To be most useful, evaluations of AI enabled solutions should not simply ask whether it achieved the desired improvement in clinical process or outcome (e.g., did the frequency or quality of advance care planning improve), but also how well or poorly was the solution implemented. Implementation science and systems engineering tell us that we can use rigorous scientific methods for both effectiveness and implementation questions. Such hybrid evaluations can assess the mechanism(s) by which AI enables the changes that lead to the desired clinical outcome (how did the mortality prediction tasks performed by the ML model mediate the improvement in advance care planning) and the properties of the overall AI enabled systems (what are the structures, patterns, and processes of the workflows, teams, and technologies that make up the new AI enabled system for delivering advance care planning). Frameworks such as RE-AIM13 (reach, effectiveness, adoption, implementation, and maintenance) can help identify the dimensions by which to assess implementation and subsequent dissemination efforts, and models for sociotechnical systems such as SEIPS14 (Systems Engineering Initiative for Patient Safety) can help assess the complex interactions between people and technologies in a work system.

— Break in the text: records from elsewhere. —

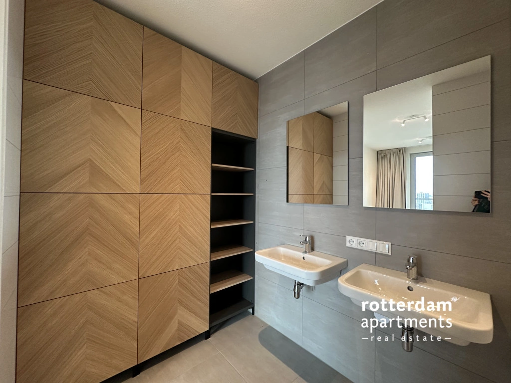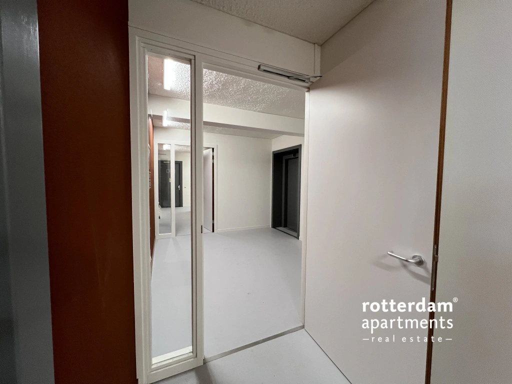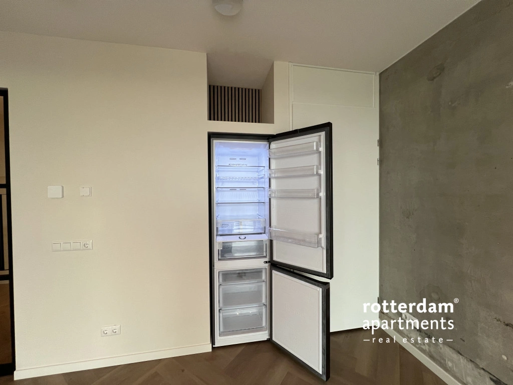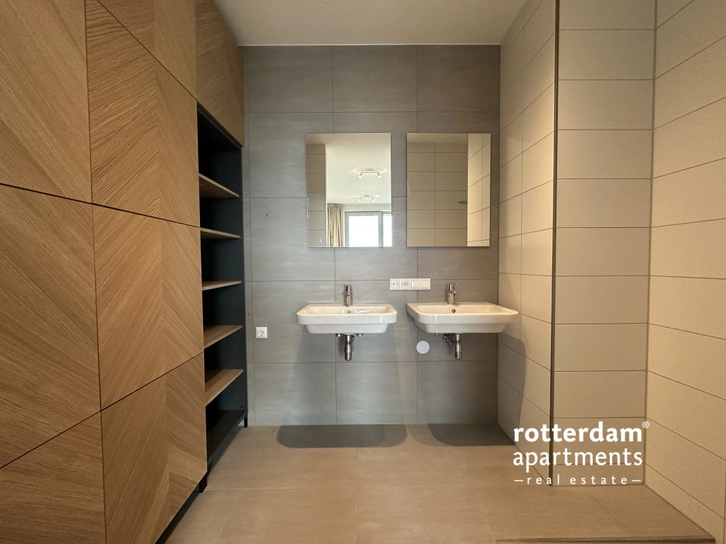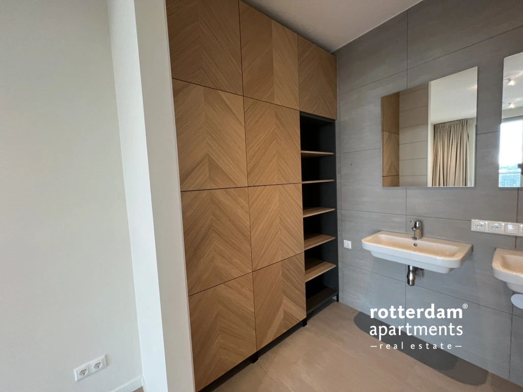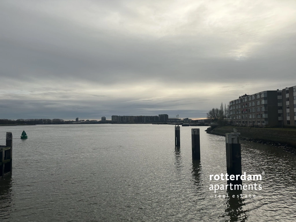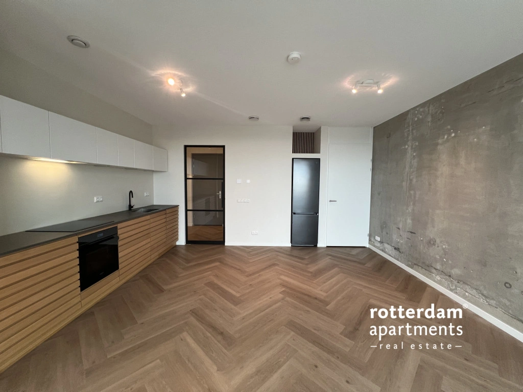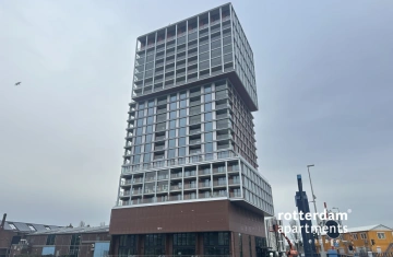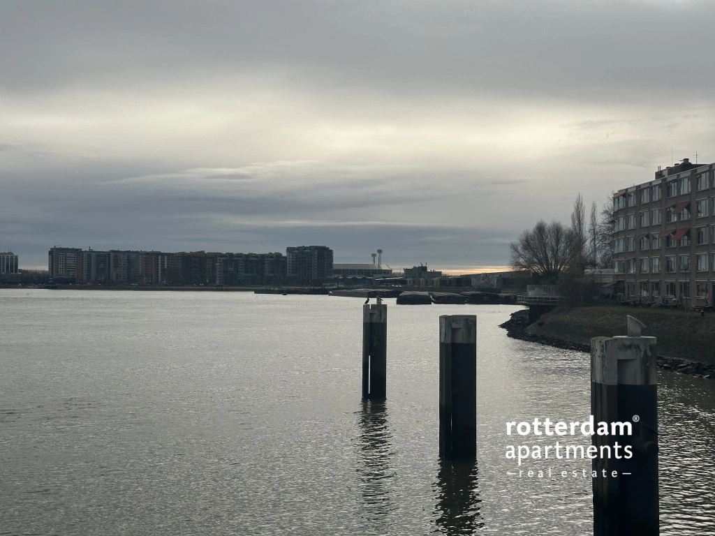 Zowel de woonkamer als de slaapkamer bieden directe toegang tot het brede balkon met uitzicht over de skyline van Rotterdam.
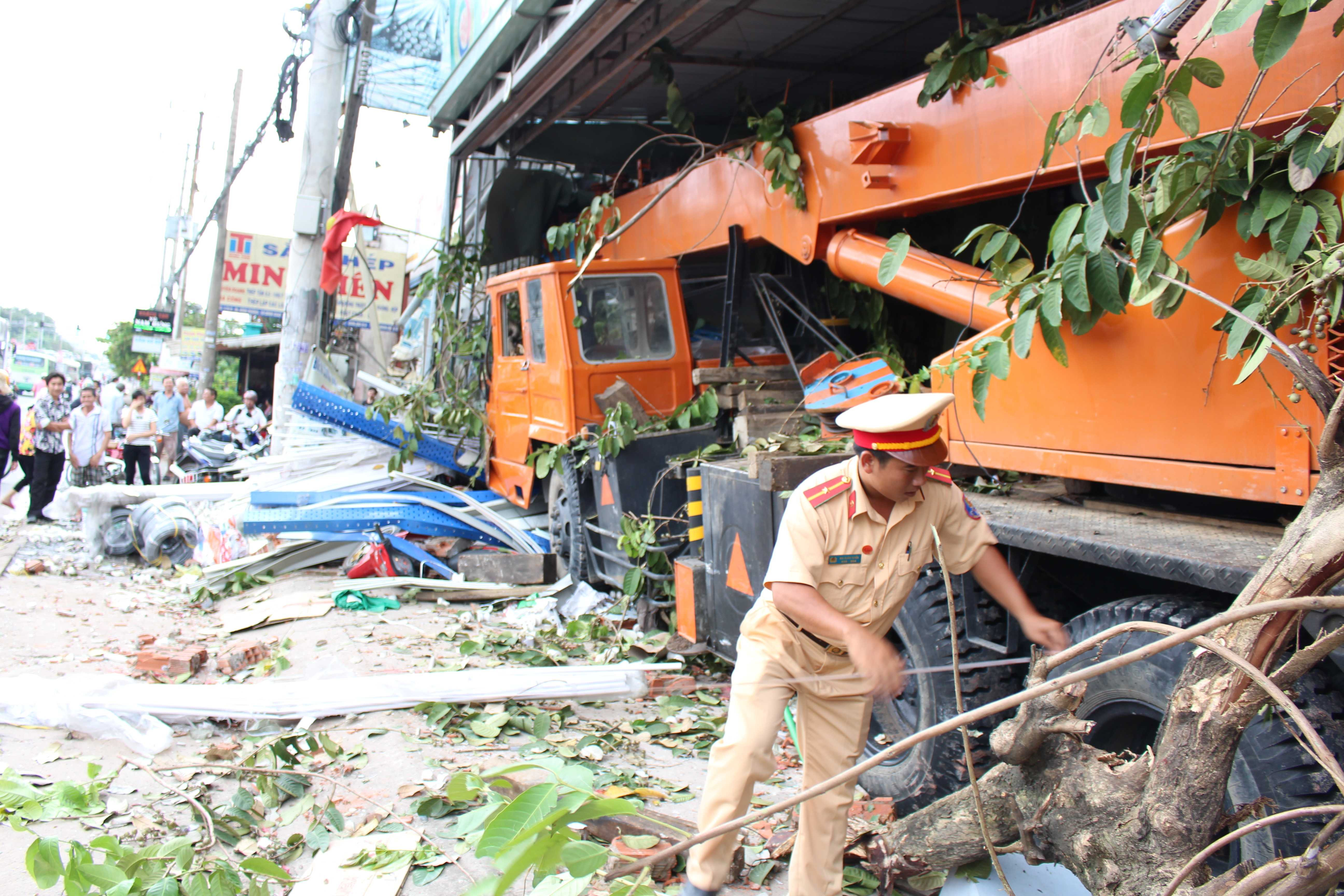 Tại hiện trường, có tất cả 5 xe máy bị tông và cuốn vào gầm xe cẩu. Nhiều xe nát bét, nằm gọn trong gầm xe cẩu, hư hỏng nặng. Xe cẩu đâm đổ cây xanh, cắm đầu vào cửa hàng bán đồ điện gia dụng.
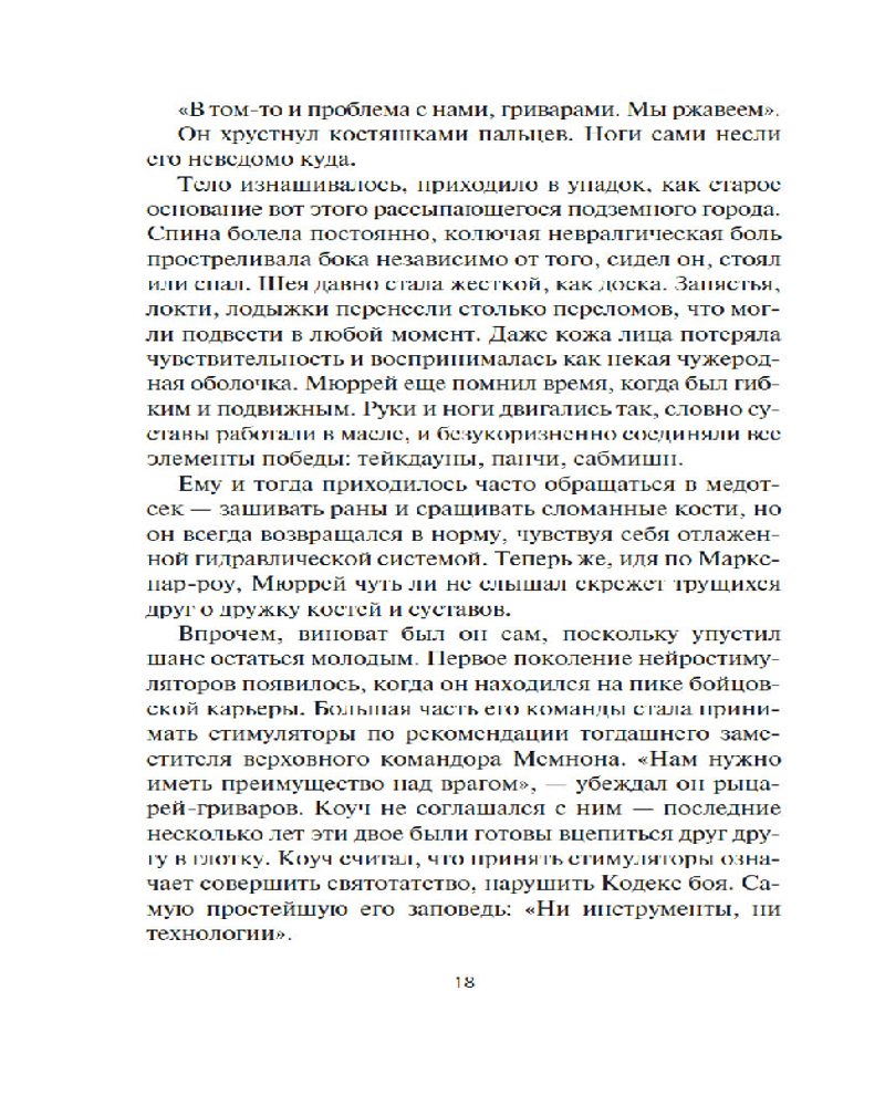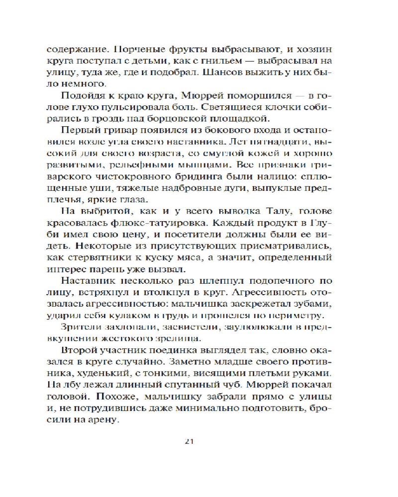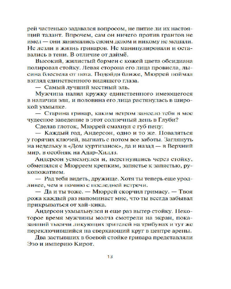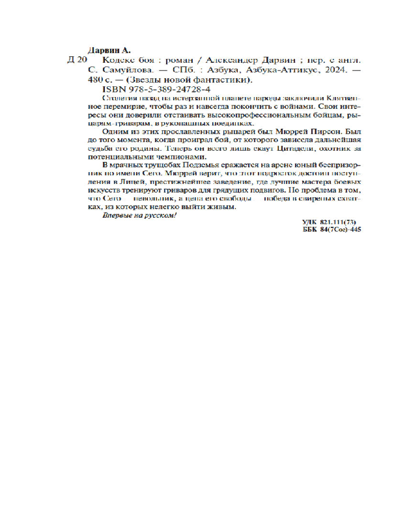 💳 Оплатить за товар можно при получении 🇰🇿 Есть бесплатная доставка по Казахстану от 1 дня 🎁 Копите бонусы с каждой покупки Серия: Звезды новой фантастики Столетия назад на истерзанной планете народы заключили Клятвенное перемирие, чтобы раз и навсегда покончить с войнами. Свои интересы они доверили отстаивать высокопрофессиональным бойцам, рыцарям-гриварам, в рукопашных поединках. Одним из этих прославленных рыцарей был Мюррей Пирсон. Был до того момента, когда проиграл бой, от которого зависела дальнейшая судьба его родины. Теперь он всего лишь скаут Цитадели, охотник за потенциальными чемпионами. В мрачных трущобах Подземья сражается на арене юный беспризорник по имени Сего. Мюррей верит, что этот подросток достоин поступления в Лицей, престижнейшее заведение, где лучшие мастера боевых искусств тренируют гриваров для грядущих подвигов. Но проблема в том, что Сего — невольник, а цена его свободы — победа в свирепых схватках, из которых нелегко выйти живым. Впервые на русском! |
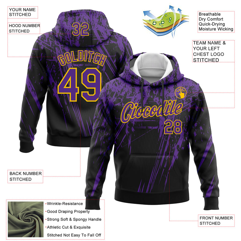 Custom Stitched Black Purple-Yellow 3D Pattern Design Splash Grunge Art Sports Pullover Sweatshirt Hoodie
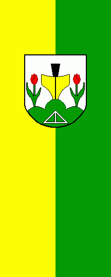 It is a yellow-green vertical bicolour. The coat of arms is shifted towards the top.
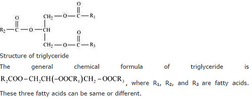 Answer Triglyceride is a glyceride, which is formed from a single molecule of glycerol, esterified with three fatty acids. It is mainly present in vegetable oils and animal fat.
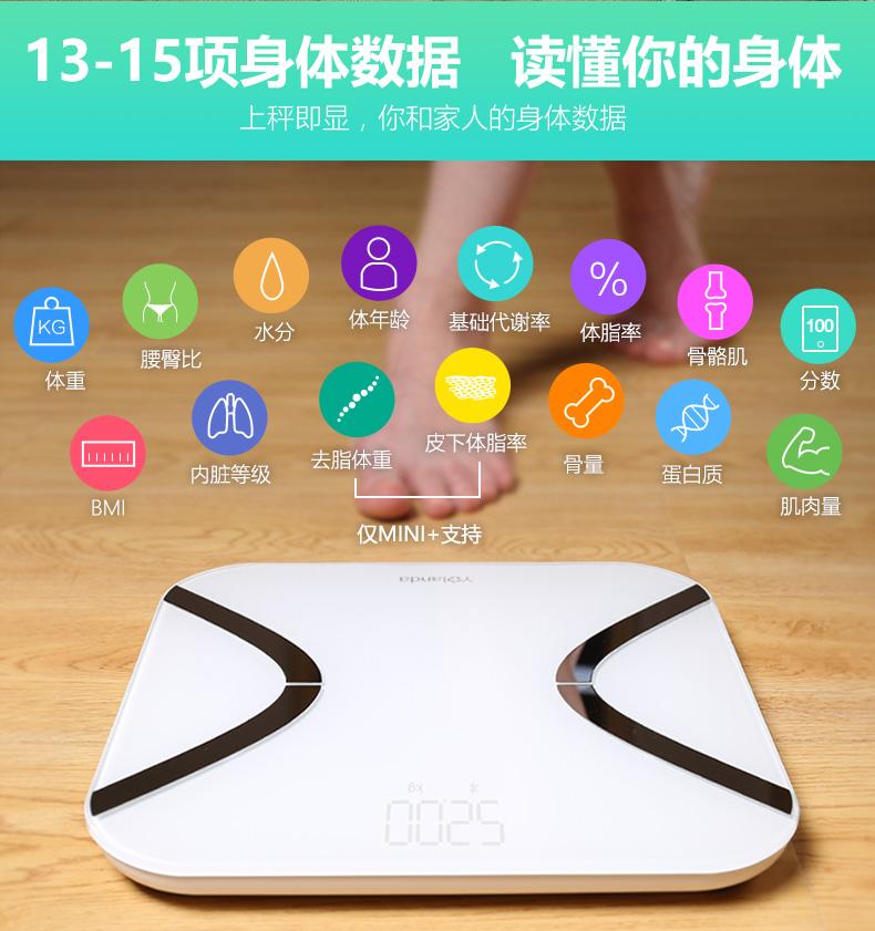 ↑Yolanda体脂秤Mini支持多达15项身体数据的检测,我们平时所关心的体重、体脂率、水分、BMI等各项数据全都可测,另外与一般的单频测量不同的是它采用了双频BIA算法测脂肪,与单频相比双频测量将会是数据更为,我想这在体脂秤行列还是蛮有竞争力的。
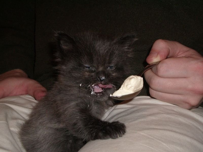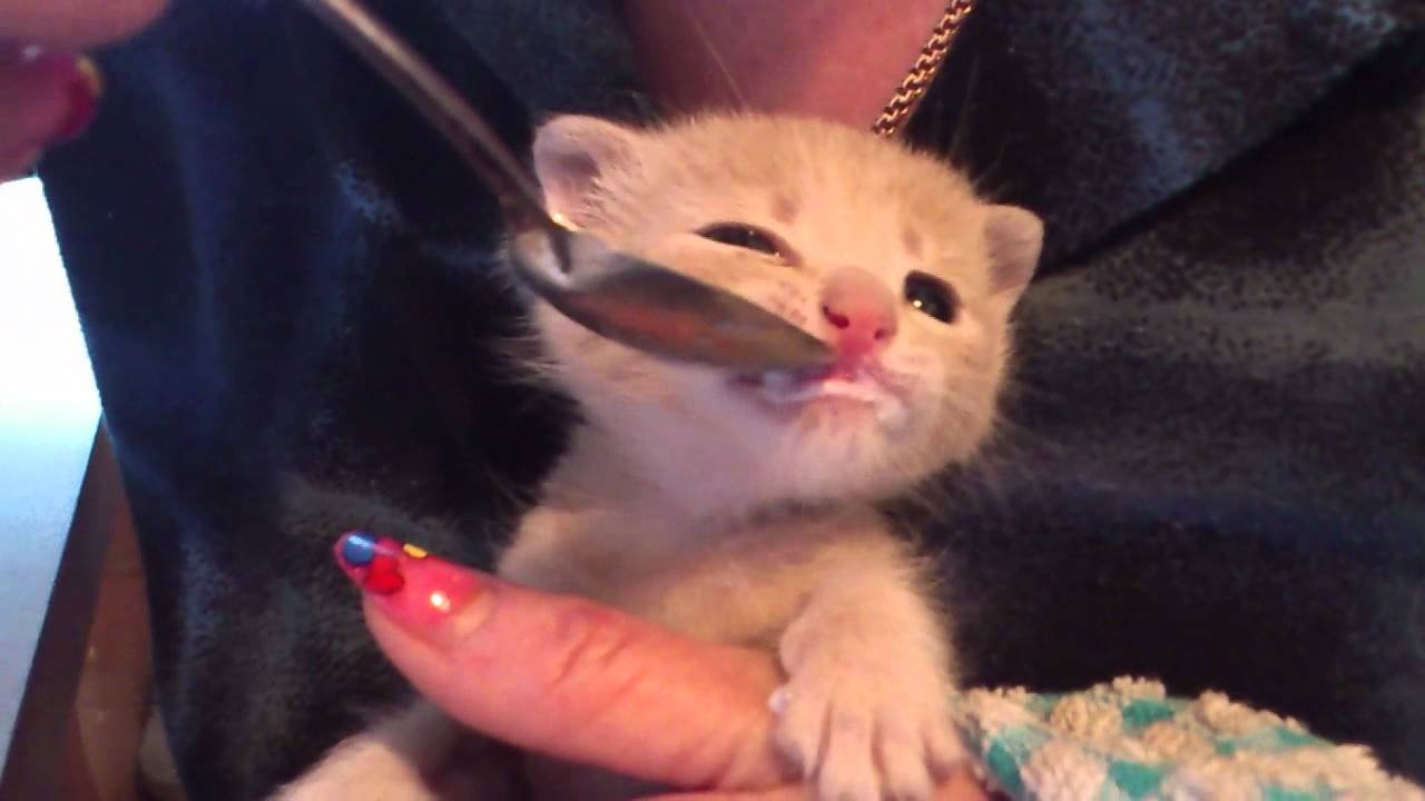 Котика кормят с ложки
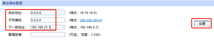 在“路由功能->静态路由->IPv4静态路由”中,设置相应参数如下图所示,注意下一跳为路由器地址,本例为192.168.23.1。
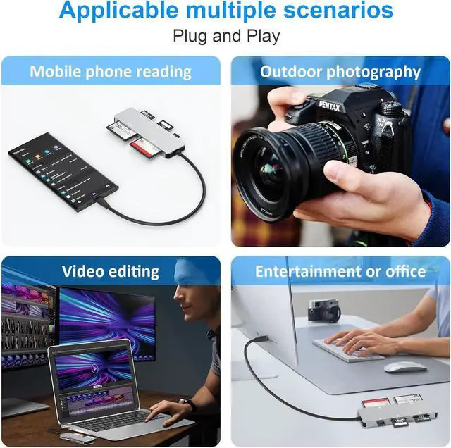 Compatibility: Compatible with Windows XP/Vista/7/8/ 8.1 /10/11 Mac OS Linux Chrome OS and etc. Plug & play hot-swapping capability; no external power supply required USB bus-powered easy and convenient to carry and use for photographer and videographerWhat
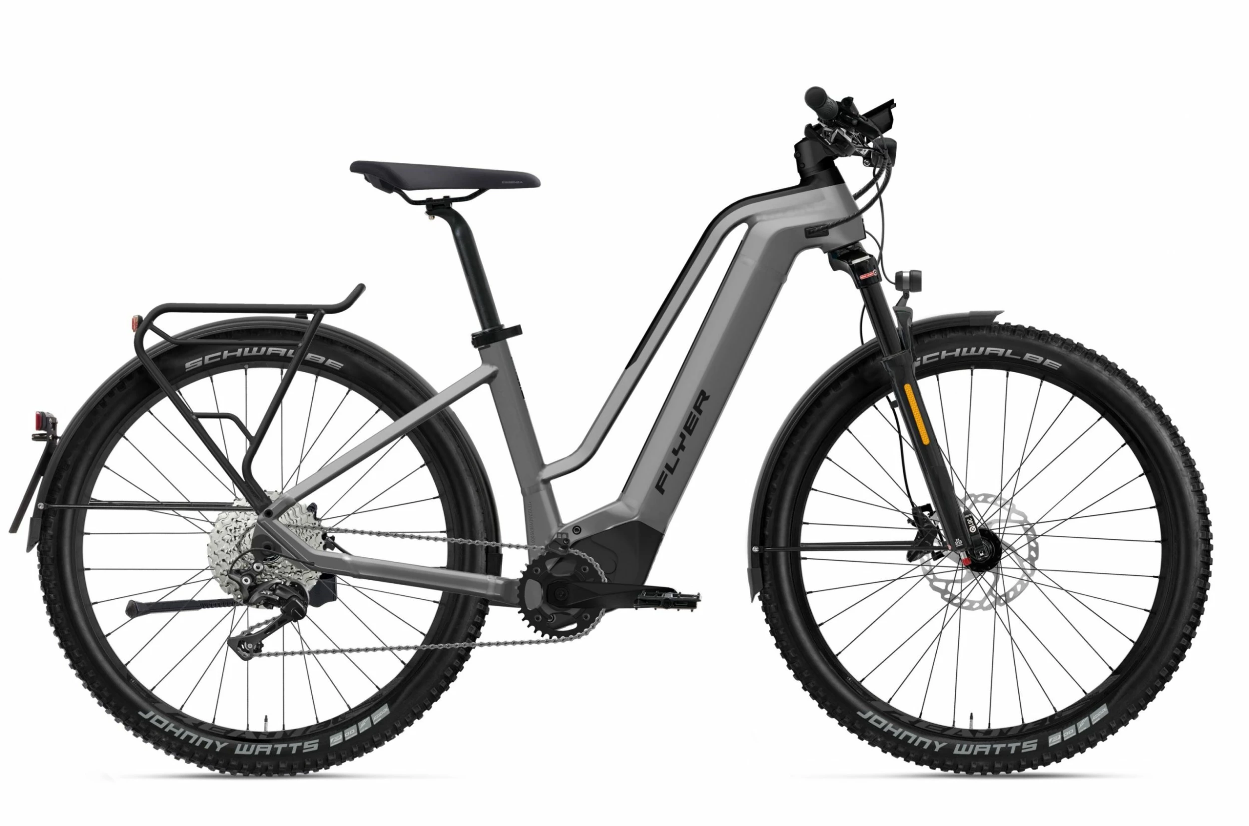 Le Flyer Goroc 2 6.30 HS 2022 est livré avec tout l’équipement nécessaire pour la ville ou les virées improvisées : garde-boue, porte-bagages, éclairage, réflecteur et béquille.

Naturally, questions about who is responsible for implementing such delivery systems, and quality control of the ML workflows will arise. Aside from existing processes in healthcare systems to design standard operating procedures, additional attention will be needed to implement quality controls on the models itself. Specifically, to monitor a model’s calibration over time, it will be important to watch population drifts and ensure timely retraining so that the model’s performance remains with in the execution and runtime characteristics required by the AI enabled system16,17. Just as with clinical laboratory instruments, ML models in healthcare will need to be regularly re-calibrated and tuned. The characteristics of the ML models will also need to be appropriately communicated to clinical users18. Fortunately, there is deep experience in the technology sector to draw upon19,20. In-house informatics teams within health systems with expertize in data science, information technology, and clinical operations may be required to own this work. While the nature of these teams may vary across organizations, what is certain is that such a team will need to exist to ensure that AI will be used responsibly and deliver sustained value.

It is time to move AI research out from in silico model development into real world design, implementation, and evaluation for improving healthcare delivery. We will likely see that ML models will be necessary, but not sufficient components of broader AI enabled solutions. The delivery science of AI will need to address how such systems are designed, implemented, and evaluated, and how their emergent properties can be captured and utilized to transform healthcare.